С 1917 года еще ближе я подошел к Гиргасу. Секретарство на факультете, подготовка неосуществившейся тогда истории кафедры и необходимость часто обращаться к архиву постоянно наталкивали на него. Его отчет о трехлетнем пребывании на Востоке, сохранившийся в делах факультета, точно предварял мои собственные впечатления через 50 лет; я как-то почувствовал в авторе своего последнего предшественника из Петербургского университета, – предшественника по интересу к живому арабскому Востоку с его диалектами, с его только зарождавшейся тогда новой литературой, которую я застал уже на большом подъеме.
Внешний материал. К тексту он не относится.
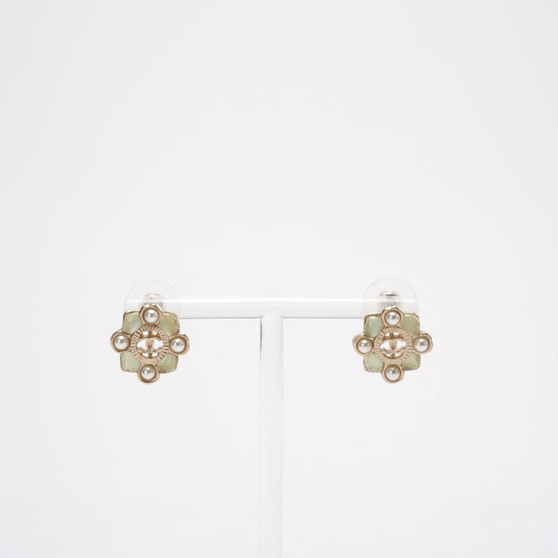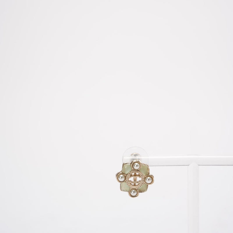 Chanel Gold CC Resin and Faux Pearl Push Back Earrings
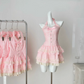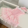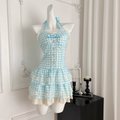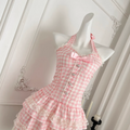 Sweetie Plaid Puffy Halter Dress
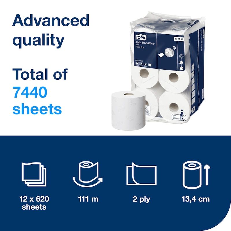 - For use with the Tork SmartOne mini toilet roll dispenser (FA701 - sold separately)
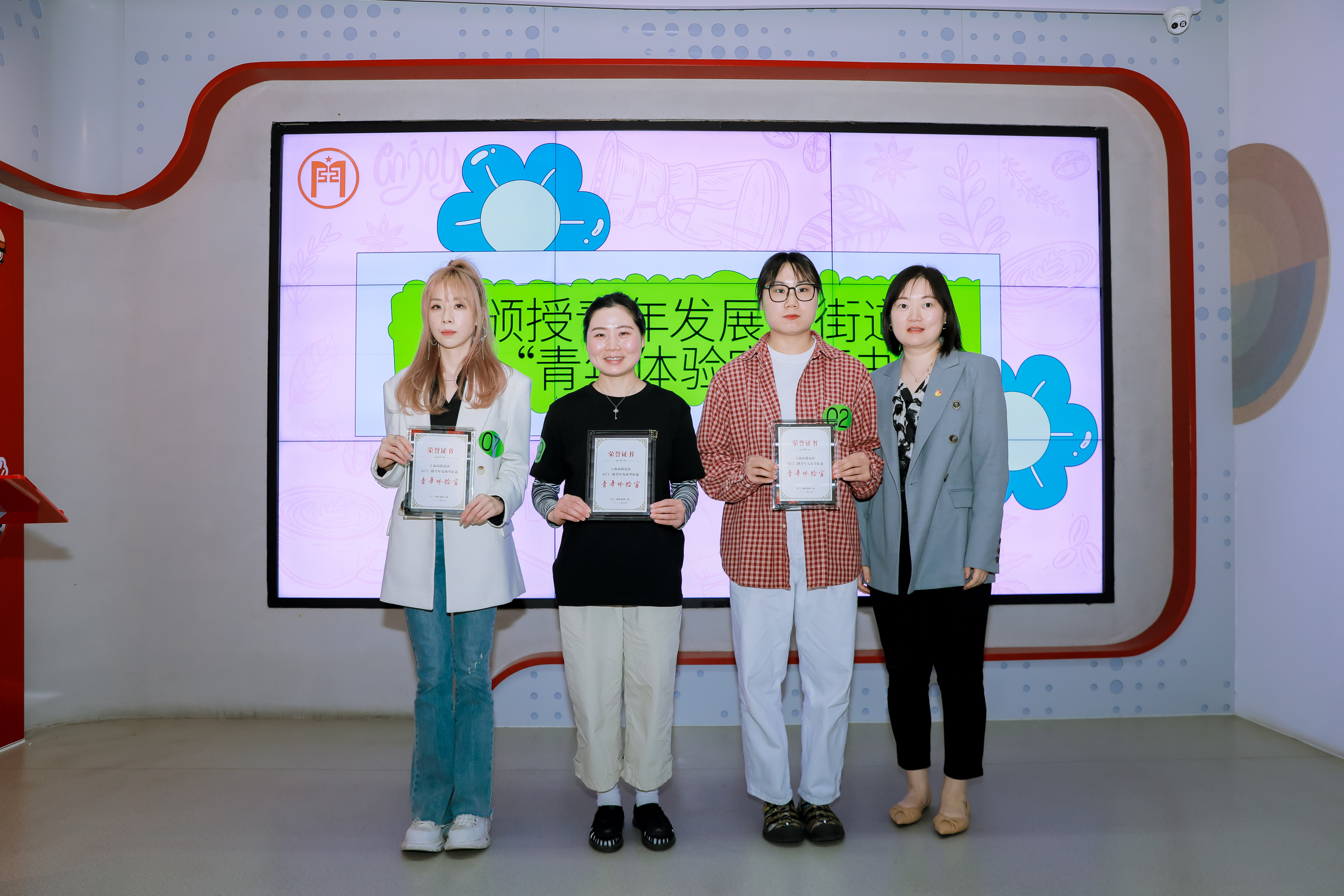 石门二路街道三家咖啡馆主理人获颁“青年体验官”证书。他们将积极发挥咖啡行业从业者的优势特长,用行动、用理想、用热爱,让青春在新时代的广阔天地中纵情绽放,一同参与并见证石门二路街道的青年发展型街道建设。

Все меня влекло к Гиргасу, и к 40-летию его смерти мне опять захотелось помянуть его „не злым тихим словом“ в отдельном очерке, как немного позже я сделал в особой книжке относительно одного из его предшественников, египетского шейха Тантави.
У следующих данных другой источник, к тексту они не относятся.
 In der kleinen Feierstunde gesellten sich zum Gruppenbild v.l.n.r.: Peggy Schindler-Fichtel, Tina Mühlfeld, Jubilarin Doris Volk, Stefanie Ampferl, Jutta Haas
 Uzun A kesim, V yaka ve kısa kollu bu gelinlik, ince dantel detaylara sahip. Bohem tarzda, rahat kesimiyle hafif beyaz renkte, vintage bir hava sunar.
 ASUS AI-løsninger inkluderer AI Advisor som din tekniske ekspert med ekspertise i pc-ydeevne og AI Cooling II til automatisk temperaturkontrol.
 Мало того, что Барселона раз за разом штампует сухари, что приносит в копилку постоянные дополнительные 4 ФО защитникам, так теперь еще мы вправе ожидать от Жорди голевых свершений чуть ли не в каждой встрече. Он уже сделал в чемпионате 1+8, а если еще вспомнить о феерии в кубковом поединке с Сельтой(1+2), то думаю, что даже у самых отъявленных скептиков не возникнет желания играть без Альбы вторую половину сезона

Старательно собрал я все, что мог, для истории мало показного труда его ученой жизни, и только через этот труд можно было почувствовать его личность. Материалов для обрисовки последней нехватало: принцип lathe biosas был выдержан строго. Одна старинная фотография случайно сохранила болезненное лицо белорусского типа, со спокойно вдумчивыми глазами и небольшой круглой бородкой. Длинноватые волосы говорили, что это не обычный представитель административно-чиновных профессий эпохи александровских реформ.
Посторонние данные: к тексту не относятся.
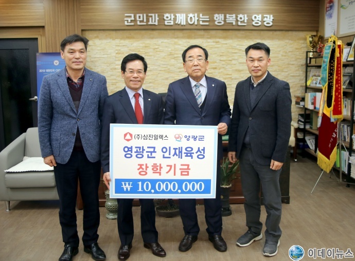 ㈜삼진일렉스 김성관 회장이 지난 10일 영광군청을 방문해 지역인재육성에 써 달라며 장학금 1천만 원을 기탁하여 지역사회에 훈훈함을 전했다.
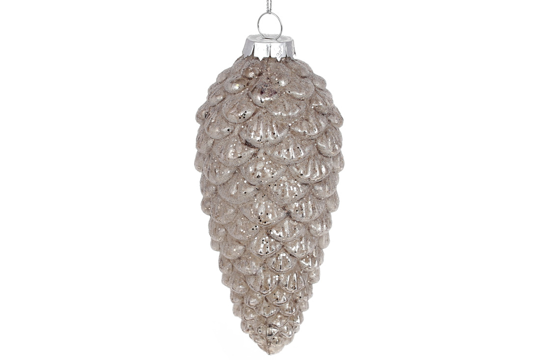 Ялинкова прикраса Шишка з декором із гліттера 13.5см, колір - теплий сірий
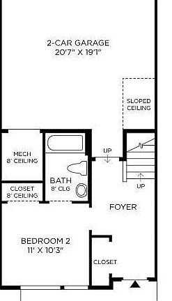 A welcoming 1st level foyer flows past a desirable secondary bedroom with a private full bath, and a two-car garage.
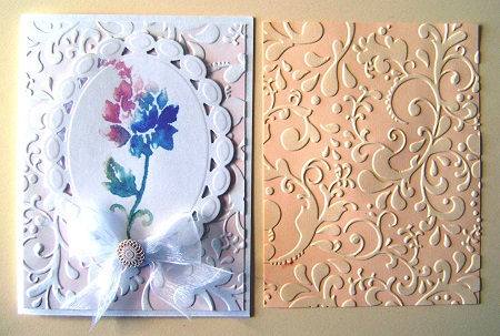Loved the bisque technique and smoosh stamping. I combined the 2 on this card. I used versacolor seashell ink on both backgrounds. On cream cs it looks peachier and on white cs it looks pinker. The versacolor ink worked great. I also tried chalk ink and it was a little streaky.
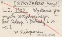 L. I. [STRYJEŃSKI Karol] 1923 Wystawa przemysłu artystycznego.
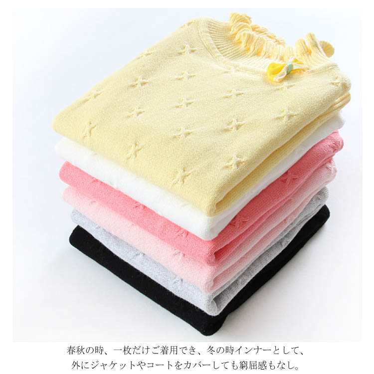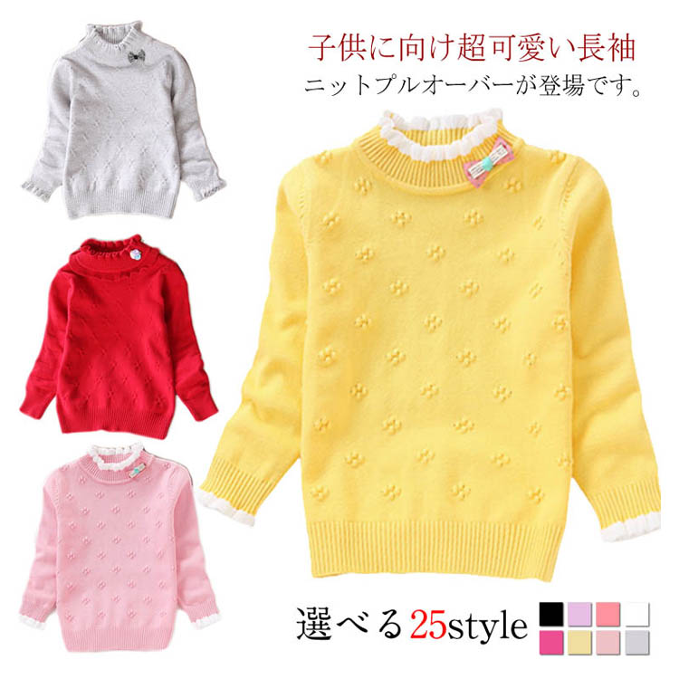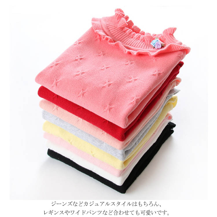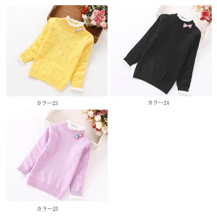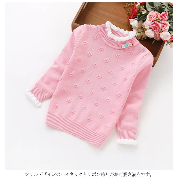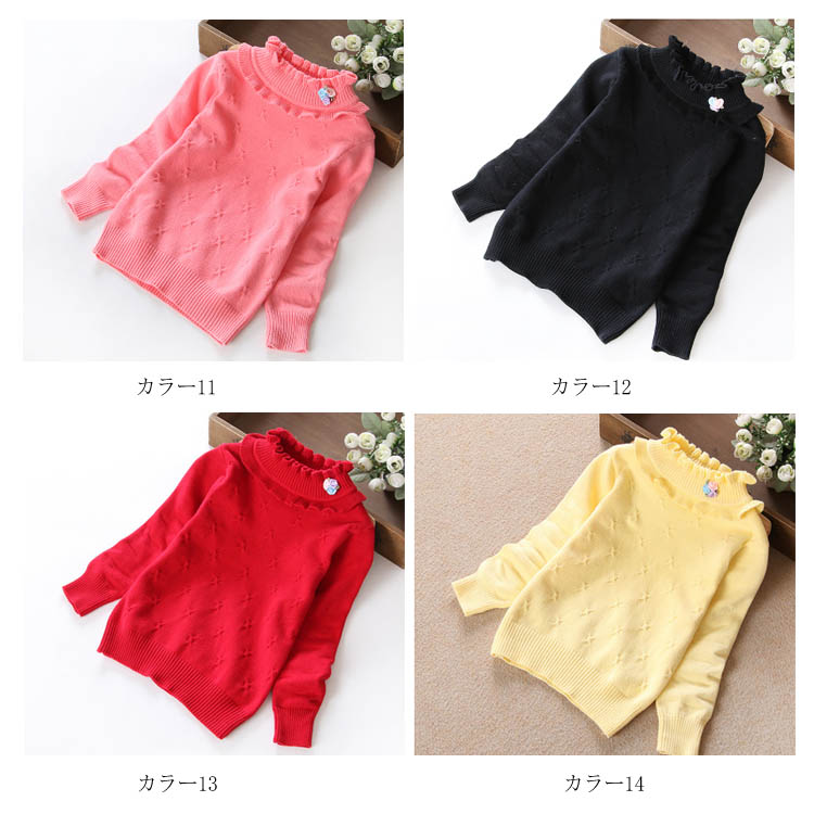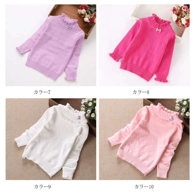 | 子供に向け超可愛い長袖ニットプルオーバーが登場です。フリルデザインのハイネックとリボン飾りがお可愛さ満点です。春秋の時、一枚だけご着用でき、冬の時インナーとして、外にジャケットやコートをカバーしても窮屈感もなし。ジーンズなどカジュアルスタイルはもちろん、レギンスやワイドパンツなど合わせても可愛いです。 | |
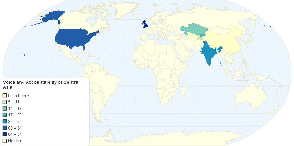 A map of WGI's Voice and Accountability Index for Central Asia in 2009 with comparisons to major powers on the region (China and India) as well as other world leaders (U.S. and U.K.)

Уже после моей статьи выплыл один источник, который всегда лучше отражает человека, чем его печатные труды или официальные бумаги, – письма к В.Р. Розену Гиргаса и его сестры, с которой он провел последние годы своей одинокой жизни. Протекшие десятилетия санкционировали теперь использование этих писем; нужна только осторожная и чуткая рука, которая сумела бы извлечь оттуда немногие не известные еще факты внешней биографии, а самое главное – большое количество мелких черточек для характеристики личности „тихого Владимира Федоровича“. Таким он сквозит и в этих листках писем, со всегда ровным аккуратным почерком, всегда спокойным тоном старшего товарища, обращенным к младшему, иногда „беспокойному“, другу, неустанную научно-организационную инициативу которого он рано оценил высоко и охотно ей подчинился уже с 70-х годов.

Долги наши перед его памятью все еще не ликвидированы, и не только в отношении писем. В такой медленности мы сами виноваты, но не всегда. Если собранные им пословицы до сих пор не опубликованы полностью, то задержал это старый принцип „лучшее враг хорошего“ – стремление подобрать параллели по разным изданиям, появившимся со времен Гиргаса. Долголетняя работа показала, что всего не исчерпать и лучше дать хотя бы основной стержень в том виде, как его оставил Гиргас.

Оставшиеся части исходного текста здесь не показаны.